Accordingly, considerable research has been devoted to eliciting and analyzing cybersecurity and privacy risk assessment.[6][7][8][9][10] However, the applicability of these approaches in the context of cybersecurity and privacy risk assessment modeling for POC systems in healthcare ecosystems shows limitations with respect to (i) their support for explicitly specifying various types of cybersecurity threats, (ii) the definition of threat scenarios, and (iii) the specification of mitigation and preventing actions (e.g., cyber hygiene) for these threats.

Moreover, the above risks have to be properly communicated and accounted in the overall operational structure of organizations. For instance, in business, financial value may be acceptable as the ultimate unit, which is used to quantify direct cost, or even reputation and human lives. However, the healthcare sector certainly does not only operate on a competitive or financial basis, and may it prefer units that more closely relate to the concept of privacy risk. Therefore, to assess the cybersecurity requirements of POC systems, it is necessary to take into consideration the characteristics of the specific service being developed and of the device types on which the service is going to be deployed.

Accordingly, use cases are one of the most common means adopted by software engineers and end-users to elicit requirements because they ease the communication between stakeholders to assess specific requirements.[11] Additionally, to achieve widespread applicability, the need for integrating cybersecurity and privacy requirements with use case modeling warrants the development of reusable templates in different applications, and in particular for healthcare applications. Systematic approaches to eliciting cybersecurity requirements based on use cases, with emphasis on description and methods guidelines have been proposed.[12] However, existing approaches lack reusable templates for misuse cases, as opposed to only well-behaving use cases.[12][13][14][15] However, with slight modifications, use cases can aid the integration of misuse case scenarios, with functional and non-functional requirements, when considering cybersecurity and privacy risk.[16]

In the direction to remediate the limitations described above, we propose a use case approach, including misuse cases, in the framework of a real healthcare IT infrastructure for POC cybersecurity and privacy risk assessment. In particular, the objectives of this work are to (i) detail a use case that sustains the specifications of cybersecurity and privacy requirements, (ii) address the above challenges by including the modelling based on the risk management capability model (RMCM), and (iii) produce an approach tailored to accounting POC in healthcare ecosystems. In this regard, the paper is organized as follows. The next section introduces the context of our use case approach and proposed scenarios, compared to the state-of-the-art, to provide the motivations behind POC systems in healthcare. The next two sections after describe the technical developments, proposed pilot plan, and risk assessment capability for POC use cases in healthcare environments, respectively. This is followed by the penultimate section, which discusses the results connected with the outcomes in several dimensions of cybersecurity and privacy risks. The final section summarizes the work, provides conclusions, and proposes future research.
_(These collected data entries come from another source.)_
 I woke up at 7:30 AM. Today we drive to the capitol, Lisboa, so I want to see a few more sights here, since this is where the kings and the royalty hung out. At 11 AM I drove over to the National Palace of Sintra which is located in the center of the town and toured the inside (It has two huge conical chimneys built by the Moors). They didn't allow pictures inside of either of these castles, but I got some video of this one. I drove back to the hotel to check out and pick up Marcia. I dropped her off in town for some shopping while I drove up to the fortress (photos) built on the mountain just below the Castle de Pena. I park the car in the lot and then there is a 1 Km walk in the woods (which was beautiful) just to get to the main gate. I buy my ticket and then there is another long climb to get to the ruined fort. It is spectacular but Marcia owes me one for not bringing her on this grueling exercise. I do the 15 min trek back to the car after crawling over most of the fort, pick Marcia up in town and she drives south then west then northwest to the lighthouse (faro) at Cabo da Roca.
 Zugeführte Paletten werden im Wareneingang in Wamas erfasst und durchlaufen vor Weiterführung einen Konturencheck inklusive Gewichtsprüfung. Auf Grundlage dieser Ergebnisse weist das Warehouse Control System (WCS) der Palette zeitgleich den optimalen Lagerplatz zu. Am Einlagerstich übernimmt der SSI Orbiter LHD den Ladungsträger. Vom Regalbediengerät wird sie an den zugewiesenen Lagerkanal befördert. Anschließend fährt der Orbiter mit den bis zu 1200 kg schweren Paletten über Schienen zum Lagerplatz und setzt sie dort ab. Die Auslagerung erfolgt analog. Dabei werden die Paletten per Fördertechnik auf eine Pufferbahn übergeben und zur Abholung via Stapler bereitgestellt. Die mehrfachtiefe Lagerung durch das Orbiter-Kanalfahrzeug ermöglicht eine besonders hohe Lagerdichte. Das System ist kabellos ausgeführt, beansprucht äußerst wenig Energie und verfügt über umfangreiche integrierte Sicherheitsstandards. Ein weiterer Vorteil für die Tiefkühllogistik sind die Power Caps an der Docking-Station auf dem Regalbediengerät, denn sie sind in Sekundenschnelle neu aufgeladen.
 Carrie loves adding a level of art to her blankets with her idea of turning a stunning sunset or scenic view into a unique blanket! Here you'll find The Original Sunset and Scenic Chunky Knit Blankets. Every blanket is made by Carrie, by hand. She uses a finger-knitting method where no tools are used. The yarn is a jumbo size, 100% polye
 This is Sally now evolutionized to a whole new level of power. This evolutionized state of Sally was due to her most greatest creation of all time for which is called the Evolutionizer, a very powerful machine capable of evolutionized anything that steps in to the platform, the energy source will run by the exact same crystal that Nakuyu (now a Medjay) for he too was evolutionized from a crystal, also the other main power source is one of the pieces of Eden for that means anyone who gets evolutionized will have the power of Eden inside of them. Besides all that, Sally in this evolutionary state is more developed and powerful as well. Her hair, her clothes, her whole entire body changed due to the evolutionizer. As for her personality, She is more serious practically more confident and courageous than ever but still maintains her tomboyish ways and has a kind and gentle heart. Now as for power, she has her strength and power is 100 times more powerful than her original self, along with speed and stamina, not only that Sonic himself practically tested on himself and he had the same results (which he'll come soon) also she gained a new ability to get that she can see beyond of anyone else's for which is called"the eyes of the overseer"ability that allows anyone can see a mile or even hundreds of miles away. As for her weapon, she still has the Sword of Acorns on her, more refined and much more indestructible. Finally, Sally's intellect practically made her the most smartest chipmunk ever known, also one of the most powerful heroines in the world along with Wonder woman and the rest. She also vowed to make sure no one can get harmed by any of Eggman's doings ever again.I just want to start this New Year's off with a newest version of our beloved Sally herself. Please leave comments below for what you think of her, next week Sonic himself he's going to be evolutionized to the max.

Proposed use case overview

The work presented in this article has been developed as part of a European Union (E.U.) project called the Secure and Private Health Data Exchange (CUREX)[17][18][19], which is developing a software platform aimed at delivering trust-enhancing, secure, and private-by-design systems and applications for the healthcare domain. In general, CUREX delivers specific cybersecurity and privacy risk solutions based on the following set of measurable objectives:

  1. deliver tools for assessing cybersecurity and privacy risks associated with health data exchange,
  2. deliver a decision support tool for devising optimal cybersecurity and privacy safeguards,
  3. deliver a blockchain-based platform for enhancing trust in health data exchange,
  4. enhance cyber hygiene in healthcare organizations,
  5. demonstrate the value of the CUREX platform through proof-of-concept use cases, and
  6. conduct techno-economic, market, and legal analysis and propose business and application models.
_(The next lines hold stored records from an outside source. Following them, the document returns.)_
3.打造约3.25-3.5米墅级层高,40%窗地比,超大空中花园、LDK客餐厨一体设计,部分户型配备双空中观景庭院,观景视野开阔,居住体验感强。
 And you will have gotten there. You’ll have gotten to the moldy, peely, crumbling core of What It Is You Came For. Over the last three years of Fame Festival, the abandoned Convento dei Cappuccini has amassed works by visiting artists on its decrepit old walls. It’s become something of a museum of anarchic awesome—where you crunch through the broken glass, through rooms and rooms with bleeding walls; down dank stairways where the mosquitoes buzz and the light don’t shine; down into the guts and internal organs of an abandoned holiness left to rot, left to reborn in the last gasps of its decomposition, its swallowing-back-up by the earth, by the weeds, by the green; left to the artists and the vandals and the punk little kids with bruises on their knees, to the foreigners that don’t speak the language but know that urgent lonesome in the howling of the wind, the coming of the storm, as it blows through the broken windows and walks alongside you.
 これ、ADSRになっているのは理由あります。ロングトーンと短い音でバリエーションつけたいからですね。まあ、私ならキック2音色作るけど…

In order to accomplish these objectives, the project brings academic institutions, healthcare end-users, and software development companies together in a consortium to enhance the pool of available resources with partners and competitors to leverage technology development with high impact. Therefore, in conjunction with optimal recommended safeguards, CUREX delivers targeted measures for raising the cyber hygiene of healthcare organizations through the recommendation of strategies and methodologies for training and raising awareness activities, targeted towards healthcare employees (administration, medical, and IT personnel) on cybersecurity and privacy risks incurred during data exchange.[20] Training will involve the development of cybersecurity defending skills, e.g., empowering social engineering defenses.[21] In this way, healthcare employees will feel more confident in handling and exchanging sensitive data and improve their capabilities to perform their daily professional tasks effectively and in a secure fashion.
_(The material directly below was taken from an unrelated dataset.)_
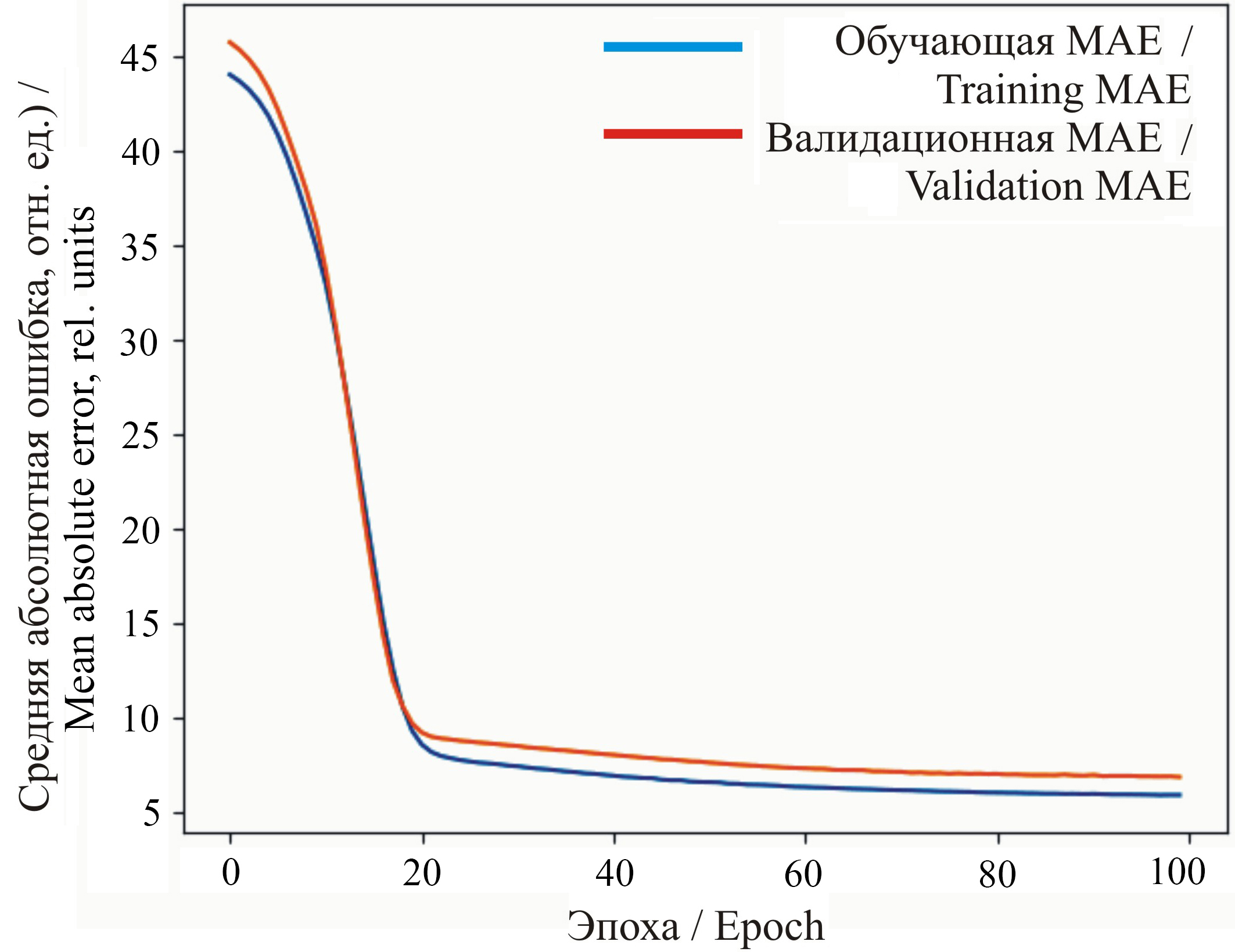 На рисунке 8 представлены графики обучающей и валидационной ошибки. Средня абсолютная ошибка MAE = 6,83 отн. ед.

Particularly, as elucidated in the previous section, we will center this work in the development of a use case (also with misuse case extensions) to assess the cybersecurity and privacy risks in POC systems, together with remediation actions based on cyber hygiene recommendations, for different target groups of healthcare professionals at Fundació Privada Hospital Asil de Granollers (FPHAG) hospital. Contextualizing, FPHAG is a health and healthcare provider center of the public integral health system of Catalonia (SISCAT) of the Catalan health system (described in Figure 1a). The hospital provides healthcare assistance both for acute and non-acute patients, and it is the reference hospital of the territories comprising the area known as Vallès Oriental (Barcelona), serving a population of around 400,000 people with a total of 340 beds.


Fig1 Jofre ApplSci2021 11-15.png

Fig. 1 The experimental infrastructure has been designed and develop at FPHAG. (a) FPHAG facilities’ view including: Granollers General Hospital, Adolfo Montañá Geriatric, the Knowledge Building, and the surrounding facilities and services. (b) Topological representation of the IT infrastructure designed and develop to support the use case approach.

In the described context, considering data from August 2019, FPHAG’s information network infrastructure was subject to more than 6,000 different malware and intrusion attacks during a period of a year. Malware attack incidents were further classified as 205 viruses, 500 spyware, 189 adware, and 2,490 botnet attacks, whereas intrusion attack incidents’ risk levels were classified as 19 critical, 8 severe, 1,876 average, and 718 as low intensity levels. All the attacks were blocked or handled by the firewall. The latter statistics, all with positive outcome, are of relevance and effectively point out that correct infrastructure protection and IT best practices are in place at FPHAG.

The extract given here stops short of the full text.